Only the lines below from the one containing "Delicate georgette fabric" through the one containing "Table 1 shows" belong in the answer, repeated exactly and without pictures.

[[ Provided material open ]]

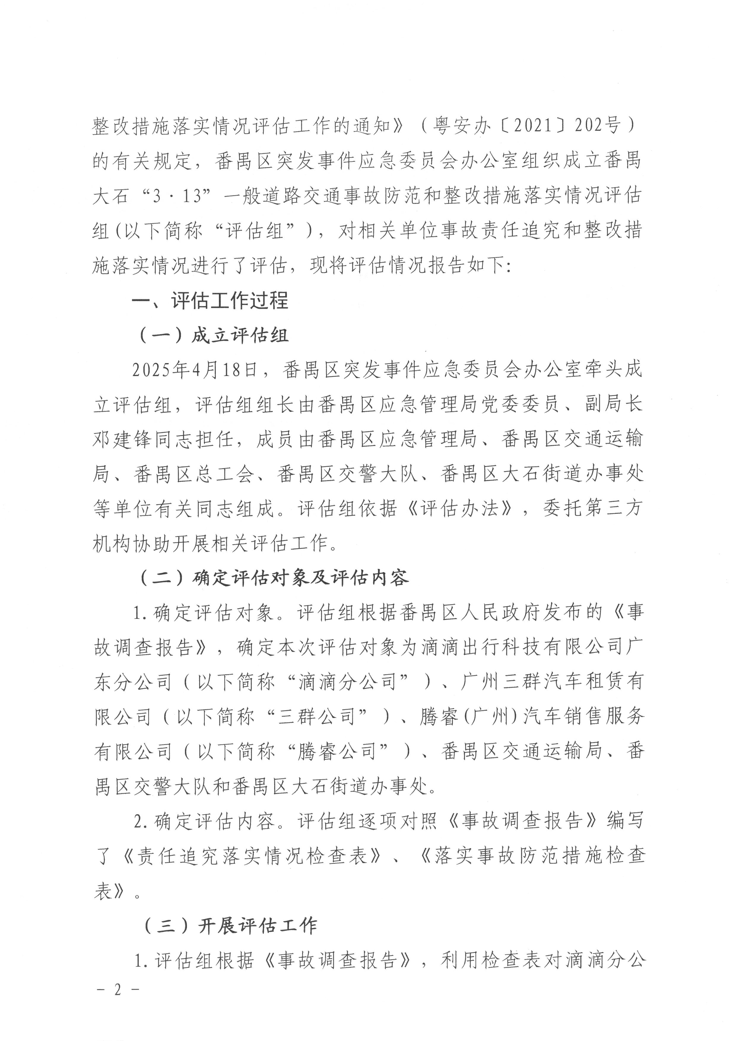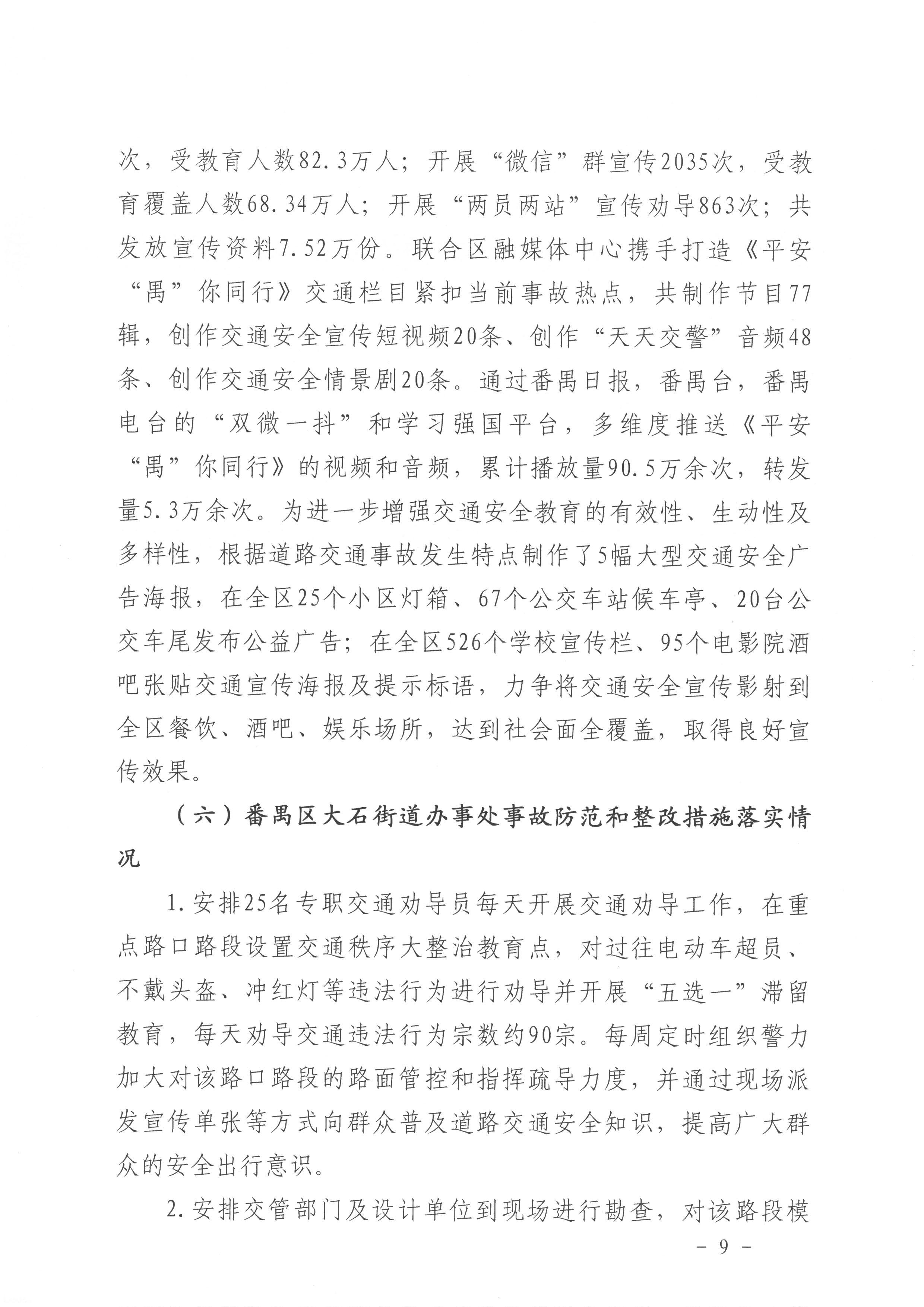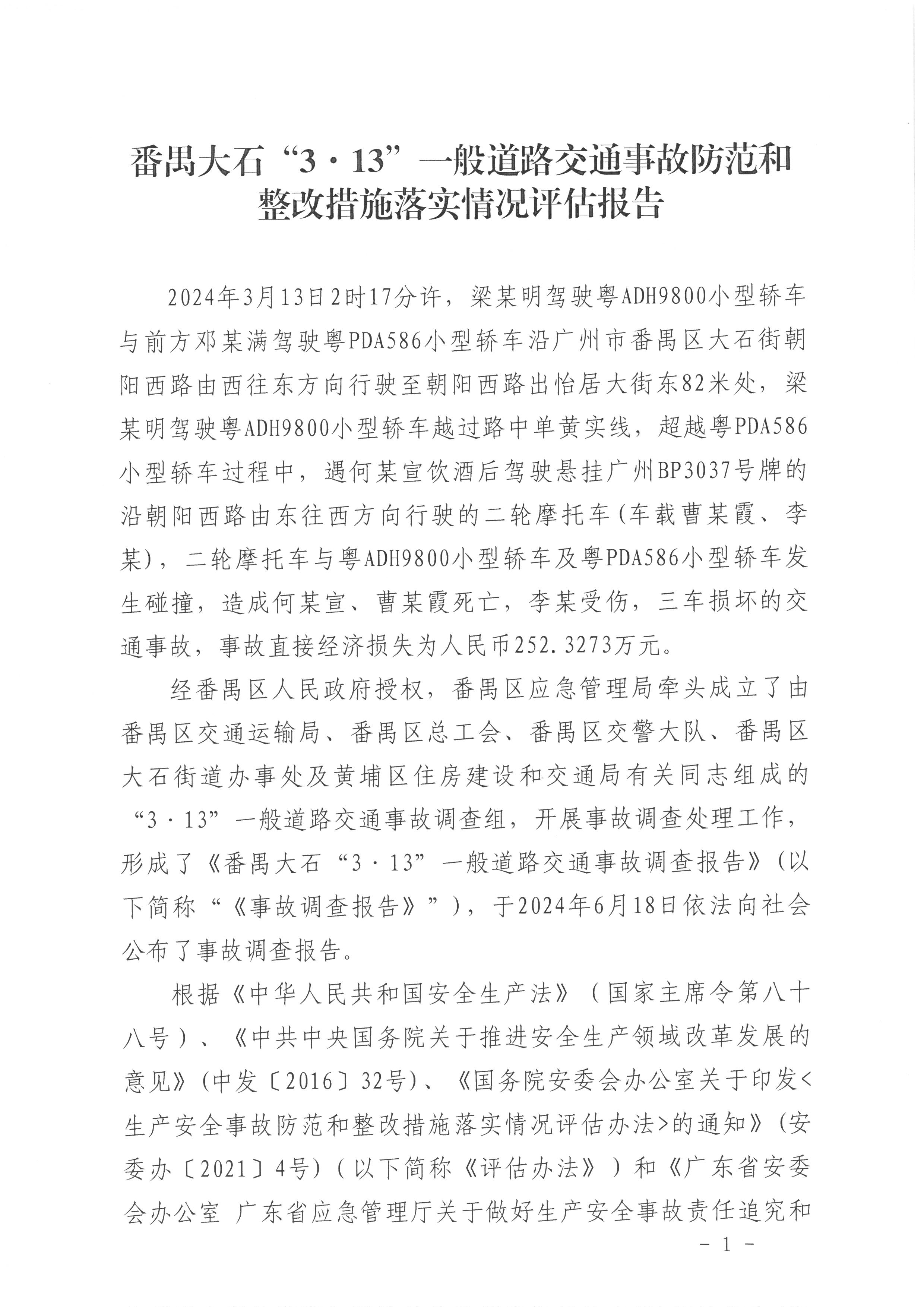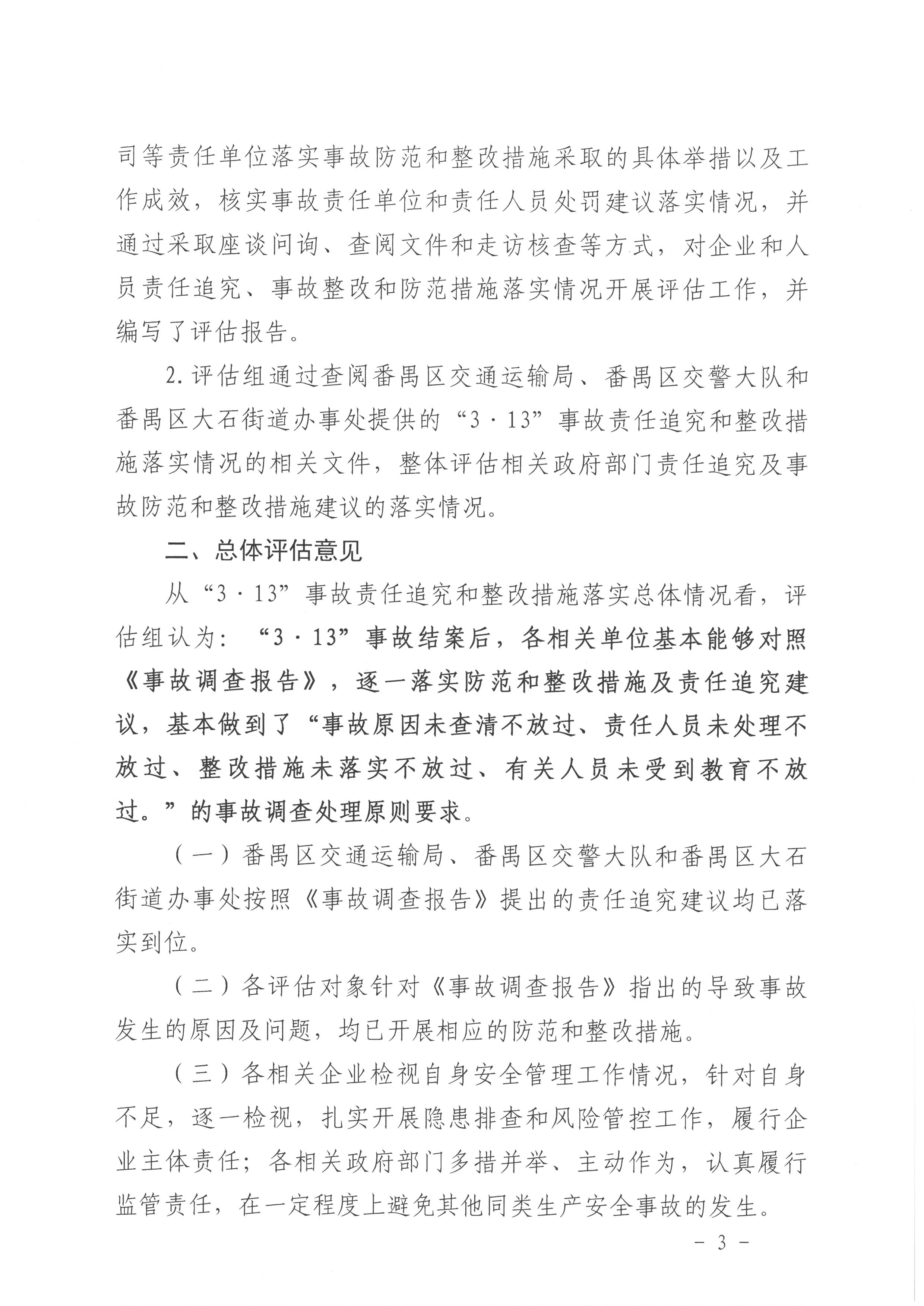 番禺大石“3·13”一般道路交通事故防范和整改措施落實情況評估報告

[[ Provided material closed ]]
[[ Provided material open ]]

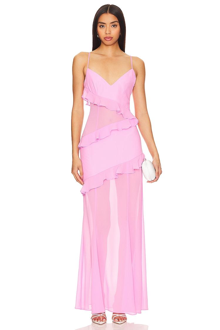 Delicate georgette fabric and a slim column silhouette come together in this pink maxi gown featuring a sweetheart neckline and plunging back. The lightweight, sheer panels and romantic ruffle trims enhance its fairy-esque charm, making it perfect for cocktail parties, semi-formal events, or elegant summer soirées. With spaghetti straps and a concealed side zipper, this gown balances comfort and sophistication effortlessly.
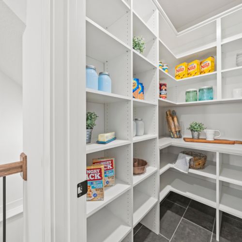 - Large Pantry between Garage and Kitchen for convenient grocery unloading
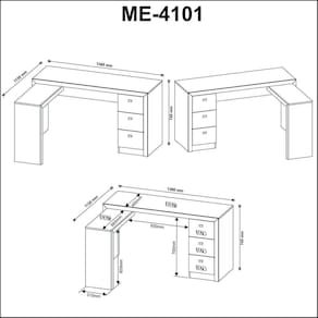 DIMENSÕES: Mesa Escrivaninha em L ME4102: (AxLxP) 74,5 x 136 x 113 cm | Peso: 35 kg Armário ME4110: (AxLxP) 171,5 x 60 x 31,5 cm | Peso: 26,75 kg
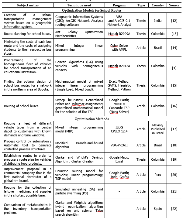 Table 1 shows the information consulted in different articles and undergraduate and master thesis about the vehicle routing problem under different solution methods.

[[ Provided material closed ]]

• Written answer:
 Delicate georgette fabric and a slim column silhouette come together in this pink maxi gown featuring a sweetheart neckline and plunging back. The lightweight, sheer panels and romantic ruffle trims enhance its fairy-esque charm, making it perfect for cocktail parties, semi-formal events, or elegant summer soirées. With spaghetti straps and a concealed side zipper, this gown balances comfort and sophistication effortlessly.
 - Large Pantry between Garage and Kitchen for convenient grocery unloading
 DIMENSÕES: Mesa Escrivaninha em L ME4102: (AxLxP) 74,5 x 136 x 113 cm | Peso: 35 kg Armário ME4110: (AxLxP) 171,5 x 60 x 31,5 cm | Peso: 26,75 kg
 Table 1 shows the information consulted in different articles and undergraduate and master thesis about the vehicle routing problem under different solution methods.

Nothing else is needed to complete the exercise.